この世ははかない

小学生の時に、紙飛行機を作って飛ばす遊びが流行ったことがありました。と言っても、学校中でということではなく、同じクラスの男子の中でということでした。

誰の紙飛行機が一番安定して、遠くまで飛んでいくかを競っていたと思います。紙飛行機といっても、折り方は色々あってどの折り方が一番有利かはやってみなければわかりません。

あるとき奇跡的に、真っ直ぐに、しかもほぼ水平に飛んでくれる飛行機を折れたことがあったのです。それはもう、素晴らしいの一言。

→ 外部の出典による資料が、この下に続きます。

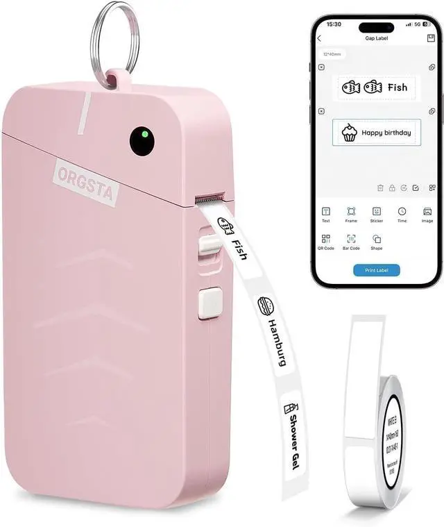 Multiple Creative Functions: The Snap & Tag app for this mini label maker provides various features and templates, easily create label stickers with text, QR codes, barcodes, materials, images, time, and borders; Customize label lengths with continuous tape, or use fixed-size labels for batch printing, featuring a built-in cutter for simple label cutting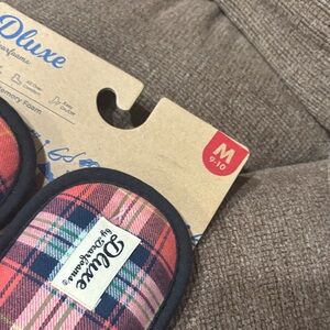 Cozy slippers with a plaid pattern. Features memory foam for comfort.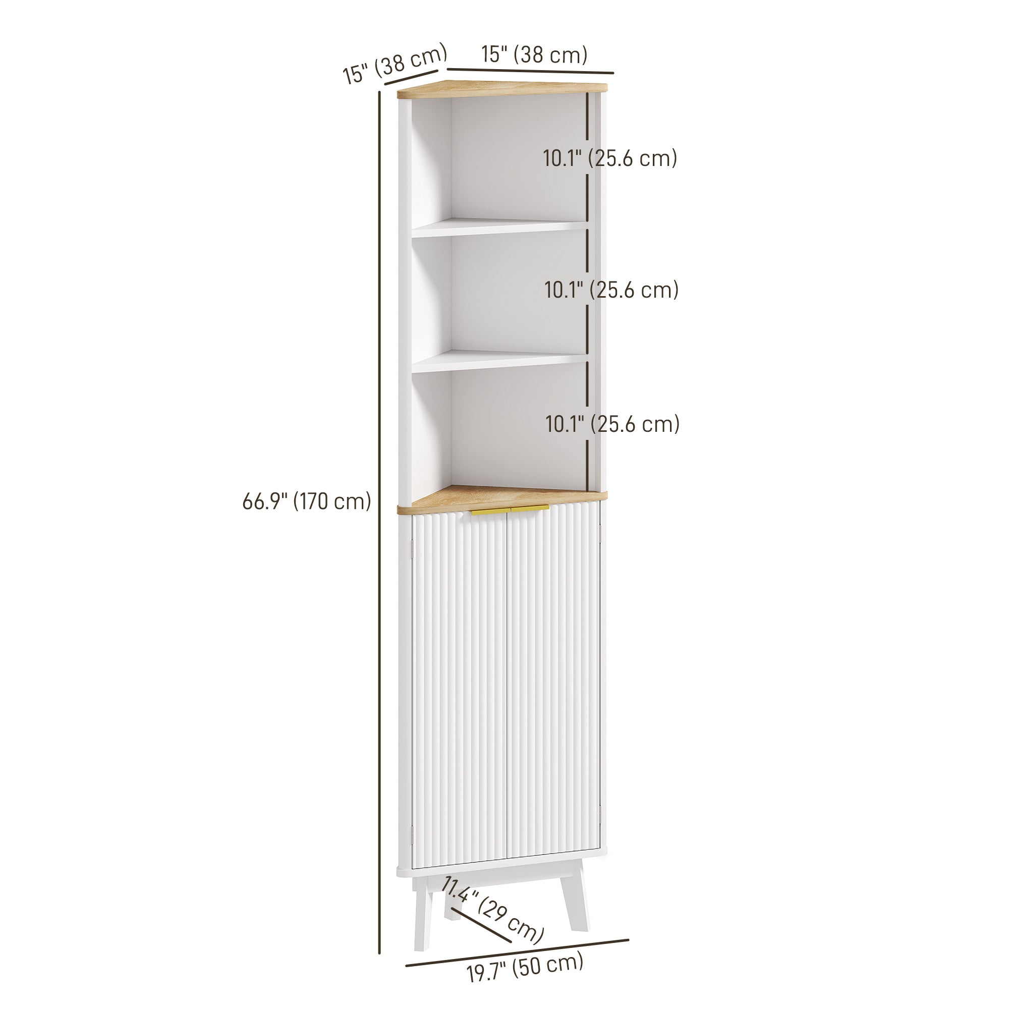 - Sophisticated Design: Modern touches such as gold handles and fluted panel doors with oak tops complement the curved design of this large storage cabinet, enhancing both design and security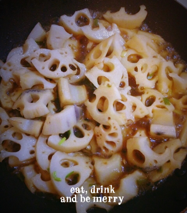完全自己做成的糖醋藕丁 先绰水放酱汁收汁比生炒好多了 还有一点番茄酱 赞的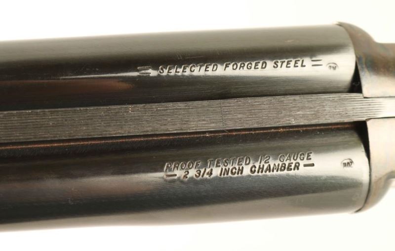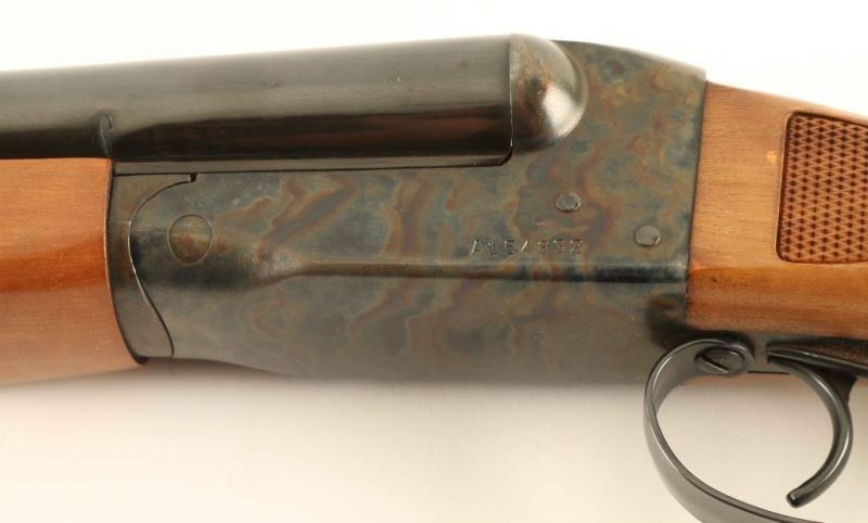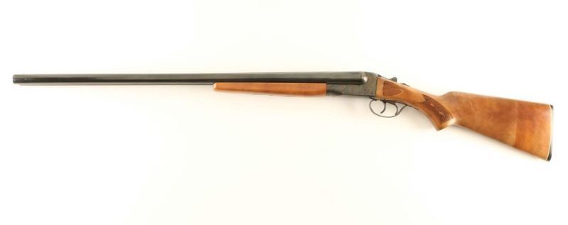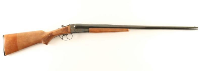 Side by side hammerless 12 Gauge shotgun with 28" blued barrels. Silver bead front sight, tang mounted safety, double triggers and a plastic buttplate. Color case hardened receiver. Light scratches on stock. NRA Very Good ***Modern Firearm***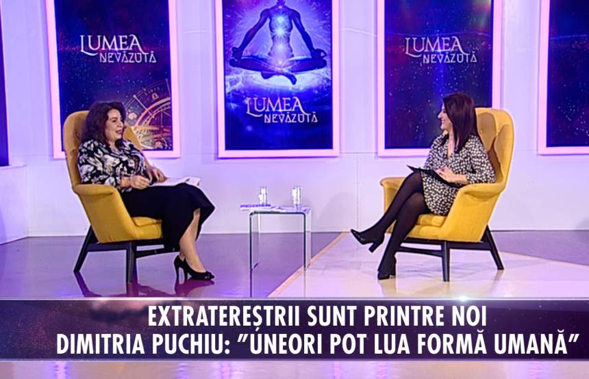 Invitată la „Lumea nevăzută”, emisiune difuzată astăzi, începând cu ora 15.45, la Antena Stars, Dimitria Puchiu, specialist în informaţie energetică şi extrasenzorial, vorbeşte despre extratereştri, cum arată aceştia, când îşi fac apariţia şi ce vor de la noi. “Uneori pot lua şi formă umană, foarte discret, nici nu îţi poţi da seama lângă cine stai. Dar aş vrea ca telespectatorii să înţeleagă din start că şi această apariţie a lor în sistem fizic, de interacţiune fizică, nu ar trebui să ne îngrijoreze pentru că nu este vorba de o invazie. Aşa cum şi ei ne-au spus: Noi suntem aici dintotdeauna, numai că acum abia conştientizaţi prezenţa noastră, nu înseamnă că noi am apărut ieri pe planeta voastră. Sunt aici de când Pământul. Iar ca înfăţişare, au forme foarte diferite. De exemplu, în Polovraci, există un loc pe care eu l-am descoperit, un loc pe care eu l-am numit Templul Extratereştrilor, având în vedere că acolo, cam de fiecare dată când merg, descopăr că se creează de fiecare dată o conexiune. Nu neapărat că mi-o doresc eu. Cerurile se deschid pe anumite frecvenţe astfel încât îmi permit comunicarea cu diverse civilizaţii extraterestre.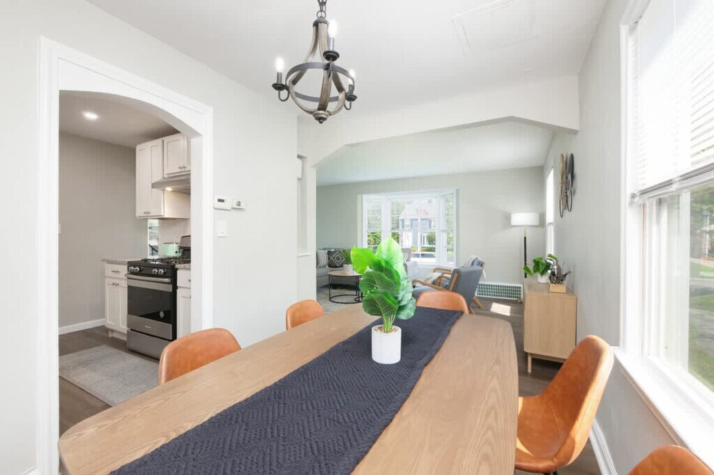 The advertised rate of $3,452/month is the lowest available price, based on a 1 month(s) stay with a move-in date of April 4, 2026. Rates vary depending on the duration of stay, season, and other parameters. For exact pricing and additional pricing components, please visit our website and enter your desired move-in and move-out dates. The rate is applicable when billed upfront; it can be higher if billed in multiple payments. Feel at home in this delightful park-side retreat in University Heights, perfect for families and friends. This spacious home accommodates up to 6 guests across 3 bedrooms and 1.5 baths, featuring a park view and a nearby playground. The well-equipped kitchen features a refrigerator, freezer, microwave, and a whirlpool stainless steel electric stove. Cooking basics like pots, pans, oil, salt, and pepper are available, along with dishes, chopsticks, cups, and wine glasses. A Keurig coffee maker with complimentary coffee makes mornings easy, and a dining table sets the stage for shared meals. Unwind in the common areas with a TV, books, and reading material, or connect to fast Wi-Fi verified at 355 Mbps for streaming 4K videos and video calls. A Nintendo system with over 620 games adds entertainment for all ages. Central air conditioning and heating ensure comfort throughout the seasons, complemented by an indoor electric fireplace for added warmth. A free washer and dryer make laundry simple during longer stays. The property is equipped with a smoke alarm, carbon monoxide alarm, fire extinguisher, and first aid kit. Check-in is easy with a smart lock and private entrance. Guests traveling with little ones can request a crib, pack ’n play, or baby bath for a fee. This pet-friendly home allows a maximum of two dogs for a flat fee of $125 per stay. Requests to bring a third or fourth dog are subject to approval and will incur an additional $100 fee. Enjoy a private backyard with an outdoor dining area, perfect for al fresco meals, though it is not fully fenced. The nearby playground is equipped with play structures for children, providing another place to gather and play. This home offers a comfortable base whether you’re exploring Cleveland just 20 minutes away, staying connected with work, or simply enjoying time together. Keep noise to a minimum outside between 10pm and 8am, as there is a $500 fine for excessive noise levels. A maximum of 2 dogs are allowed for a flat fee of $125 per stay, but no cats are allowed. Undisclosed pets will result in a $150 fee. No indoor smoking is permitted, and there will be a minimum $500 charge for extra cleaning. Smoking outside is permitted. No underage consumption or drugs. No parties or large gatherings are permitted. You will be charged $150 for late checkout without prior notice. Renters must be 21 years or older to book and stay. Weapons of any kind are strictly prohibited on the property. Please remove your shoes when entering the house. Includes a dedicated workspace that supports remote needs. [SI]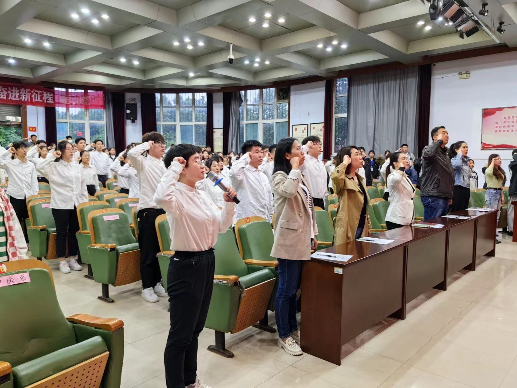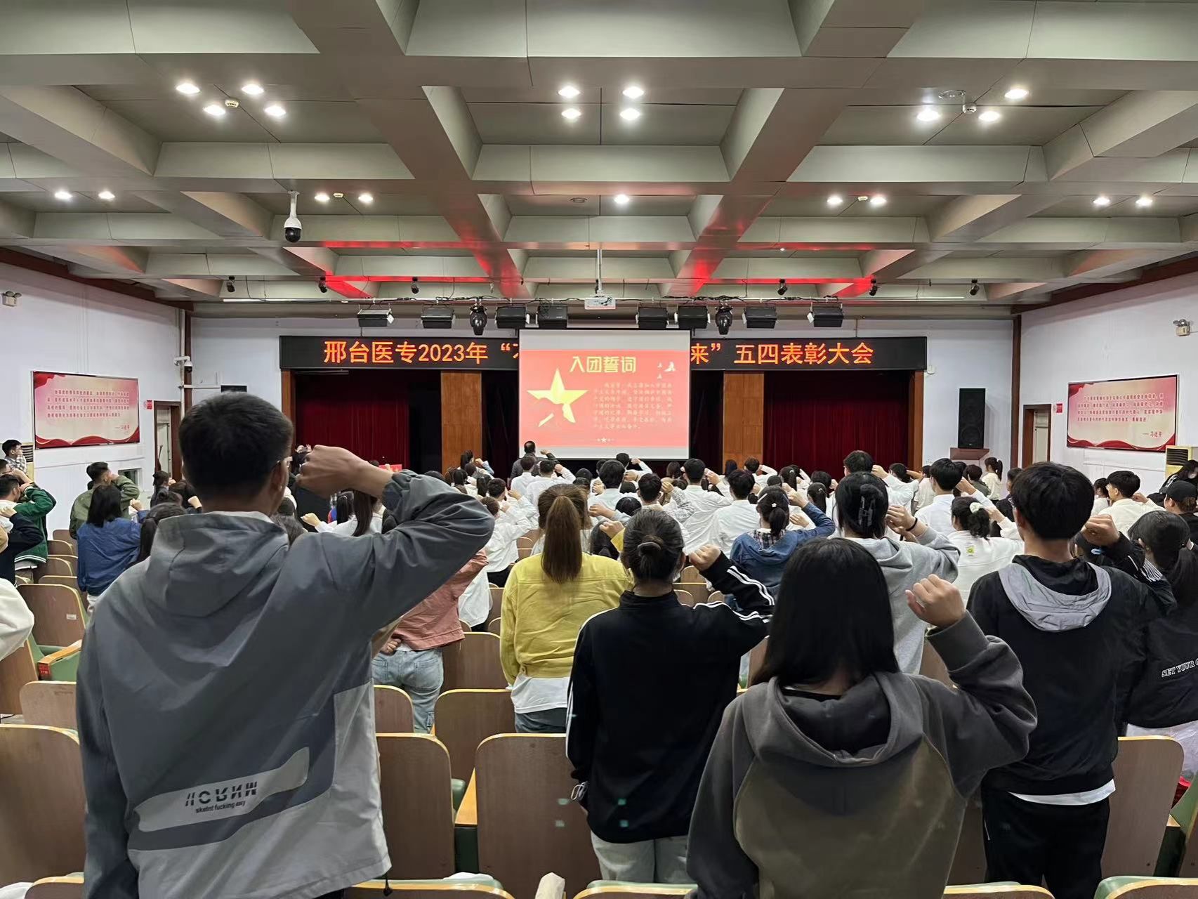 随后,与会人员高举右手,紧握右拳,在领誓人的带领下重温入团誓词,一句句誓词铿锵有力,朝气蓬勃,展现医专青年师生昂扬向上、团结奋进的精神面貌。
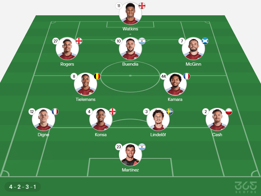 Escalação do Aston Villa: Dibu Martínez; Cash, Lindelöf, Konsa e Digne; Kamara e Tieleman; Buendía, Rogers e McGinn; Watkins.

自分は有頂天に鼻高々で飛ばしていたのですが、その飛行機がたまたま誰かの足元に着地したと思ったら、その人に踏まれてしまったのです。

一瞬にして飛行機はぺちゃんこになってしまい、恐れていた通り、そのあと元の形に戻して飛ばしてみても、もう以前のような理想的な飛び方はしなくなってしまったのです。

その悔しさといったらありませんでした。故意に踏みつけられたわけでもないので、誰にもその鬱憤をぶつけることもできずに。

そのあと、何度も同じ折り方で紙飛行機を作ったのですが、やはり同じような飛び方をする飛行機を作ることはできませんでした。

その時悟ったのです。この世にあるあらゆるものは、本当にはかないと。いつまでも続いていくものはひとつもないんだなと。

その頃、執着という言葉はきっと知らなかったと思うのですが、何かに心を縛られるのは問題だなあと。すぐに気持ちを切り替えるということを少し覚えたのです。

どんなに大切なものでも、あっという間に消えていってしまうんだなと。それがこの世の掟何だなと妙に納得したのです。

何かに囚われてしまうと、せっかくの人生を存分に楽しめなくなってしまうというのも、どこかで分かっていたように思いますね。